EXERCISE GOAL =
Starting with the first line of the material, reproduce exactly each line up to and including the one that contains "Next, a child", leaving out every picture.

DATA BELOW =

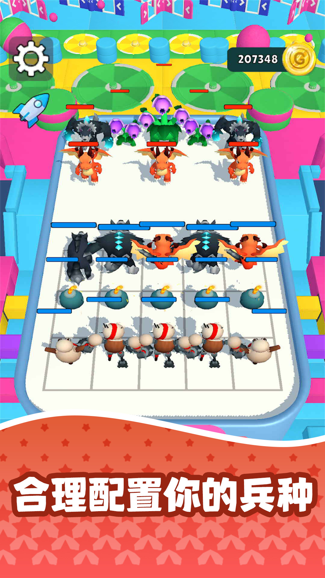 纷争战线游戏结合了合并、放置、闯关等各种丰富且休闲的玩法,可以召集合并怪物一起来打败不同的对手。
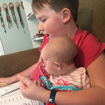 Next, a child who feels defeated can sometimes benefit by actually teaching others at a very low level. I note that you have a five-year-old; if you are beginning this child in the Little Stories for Little Folks: Catholic Phonics Readers, perhaps your daughter can become an assistant to him or her, using the phonics-based word family cards. She can then move on to the Name Game to help teach the five-year-old, meanwhile learning the same letter sounds and families herself.
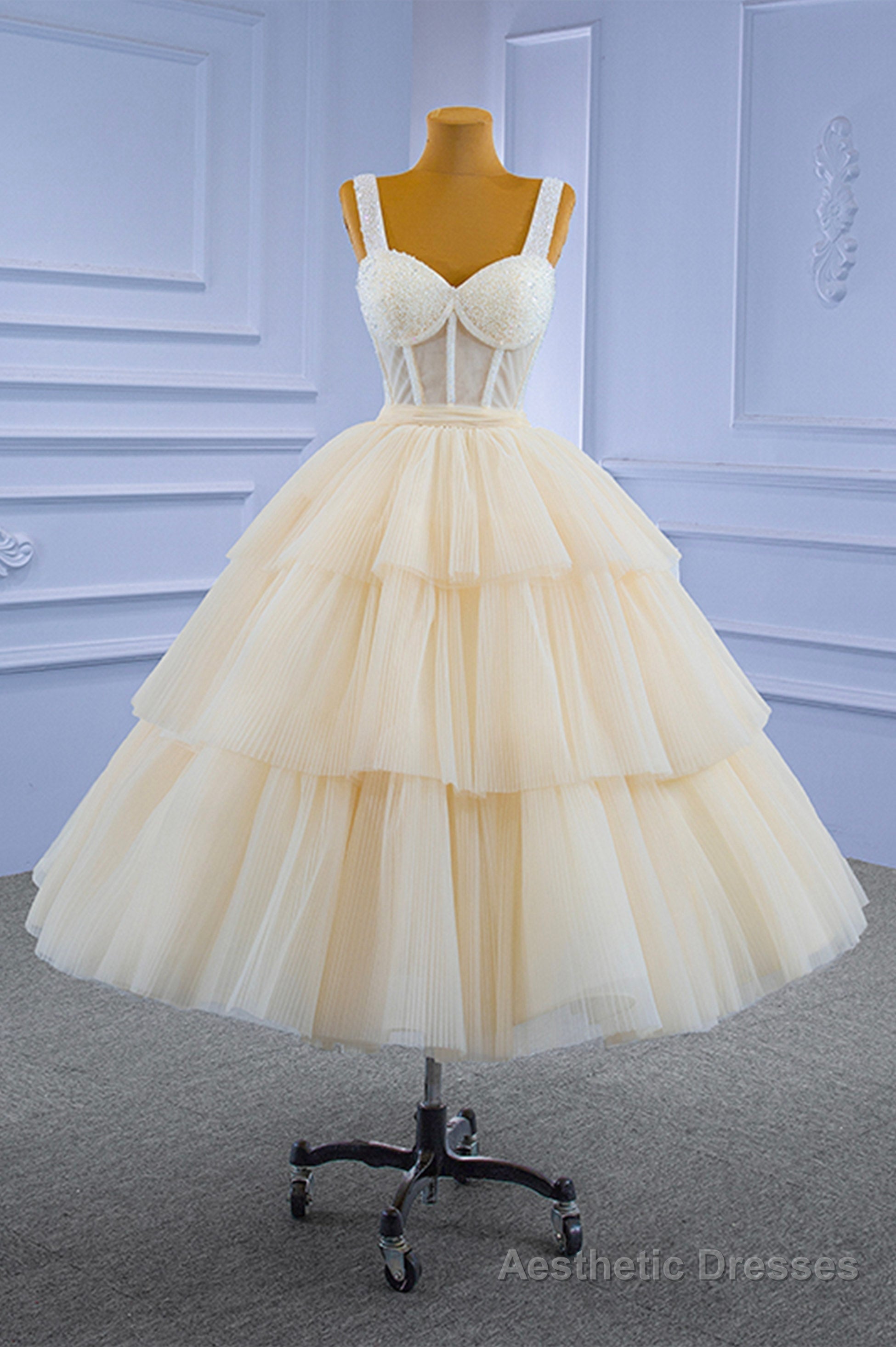 Champagne Tulle Short Prom Dress with Beaded, A-Line Tea Length Party Dress

EXERCISE RESULT =
 纷争战线游戏结合了合并、放置、闯关等各种丰富且休闲的玩法,可以召集合并怪物一起来打败不同的对手。
 Next, a child who feels defeated can sometimes benefit by actually teaching others at a very low level. I note that you have a five-year-old; if you are beginning this child in the Little Stories for Little Folks: Catholic Phonics Readers, perhaps your daughter can become an assistant to him or her, using the phonics-based word family cards. She can then move on to the Name Game to help teach the five-year-old, meanwhile learning the same letter sounds and families herself.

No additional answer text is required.